6. Reusable Alkaline – Its limited cycle life and low load current is compensated by long shelf life, making this battery ideal for portable entertainment devices and flashlights. Great batteries if you want to store on demand power for a emergencies.

The Battery’s Electrolyte

The actual conversion of chemical energy into electrochemical energy can only be done if an electron flow passes between two electrodes, an anode (the negative end) and a cathode (the positive end). The battery’s electrical current (electron flow) runs from one electrode to another through a conductive chemical called an electrolyte solution.

A basic electrolyte solution is a chemical compound (salt, acid, or base) that when dissolved in a solvent forms a solution that becomes an ionic conductor of electricity. In the battery cell the electrolyte solution is the conducting medium in which the flow of electric current between the electrodes takes place by the migrating electrons.

Since the 1970 it has been known that adding salts to polymers can enable the polymer to conduct lithium ion. This material thus can serve as an electrolyte in lithium batteries. Lithium solid polymer electrolyte batteries, when given full measure to the capacity for miniaturization of a fully solid state battery can have the highest specific energy and specific power of any rechargeable technology.
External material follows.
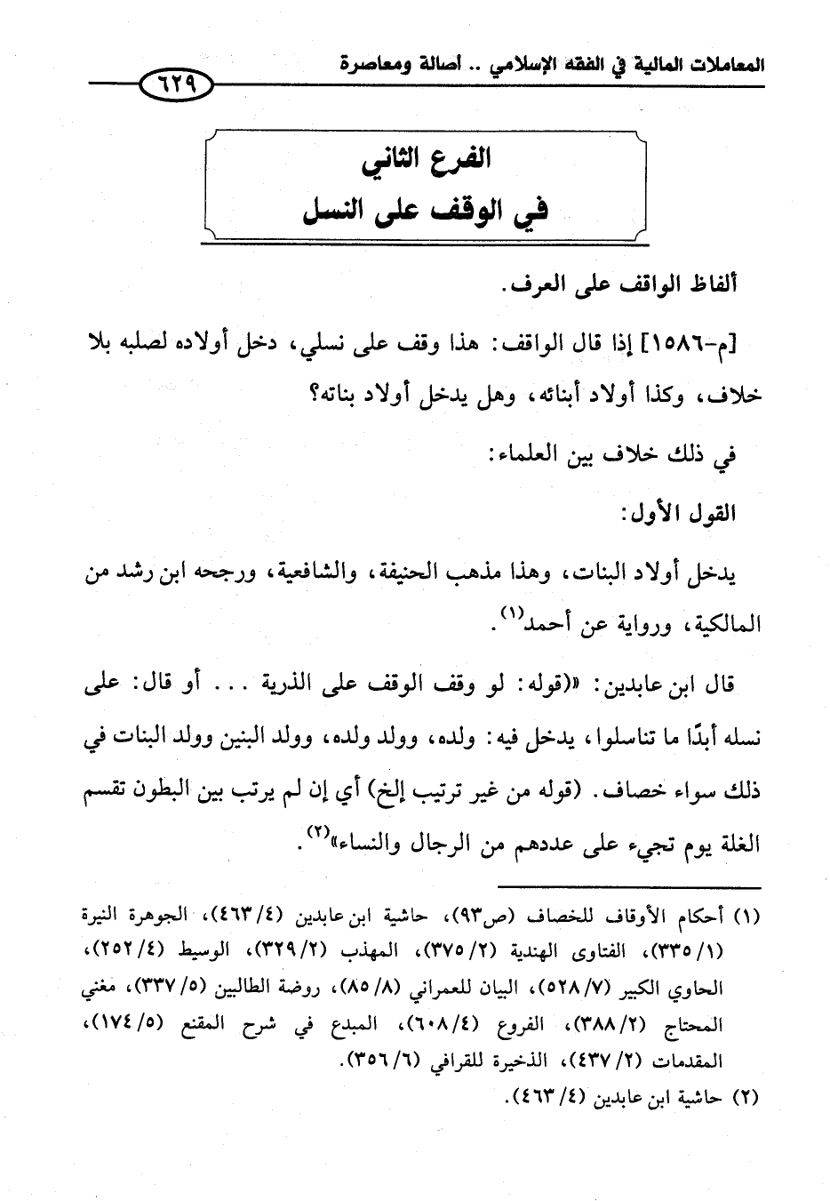 (¬١) أحكام الأوقاف للخصاف (ص ٩٣)، حاشية ابن عابدين (٤/ ٤٦٣)، الجوهرة النيرة (١/ ٣٣٥)، الفتاوى الهندية (٢/ ٣٧٥)، المهذب (٢/ ٣٢٩)، الوسيط (٤/ ٢٥٢)، الحاوي الكبير (٧/ ٥٢٨)، البيان للعمراني (٨/ ٨٥)، روضة الطالبين (٥/ ٣٣٧)، مغني المحتاج (٢/ ٣٨٨)، الفروع (٤/ ٦٠٨)، المبدع في شرح المقنع (٥/ ١٧٤)، المقدمات (٢/ ٤٣٧)، الذخيرة للقرافي (٦/ ٣٥٦).

Some of the benefits that lithium solid polymer electrolytes include:

• ease of manufacturing
• immunity from leakage
• suppression of lithium dendrite formation
• elimination of volatile organic liquids
• mechanical flexibility.

The Battery’s Specialized Hardware

A battery consists of more then the casing, electrolyte, and the chemical. It requires some very specialized hardware, especially when we speak directly about a smart battery. Your typical smart battery may have a multitude of hardware componenets that when working in tandem not merely create electrical power and transfer it to a particular device but additionally sends data packets of information to the device so that the device can actually gauge the battery (at least in theory). Some of the common hardware features in a smart battery include:

1. the connector
2. the fuse
3. the charge and discharge FETs
4. the cell pack
5. the sense resistor (RSENSE)
6. the primary and secondary protection ICs
7. the fuel-gauge IC
8. the thermistor
9. the pc board
10. the EEPROM or firmware for the fuel-gauge IC.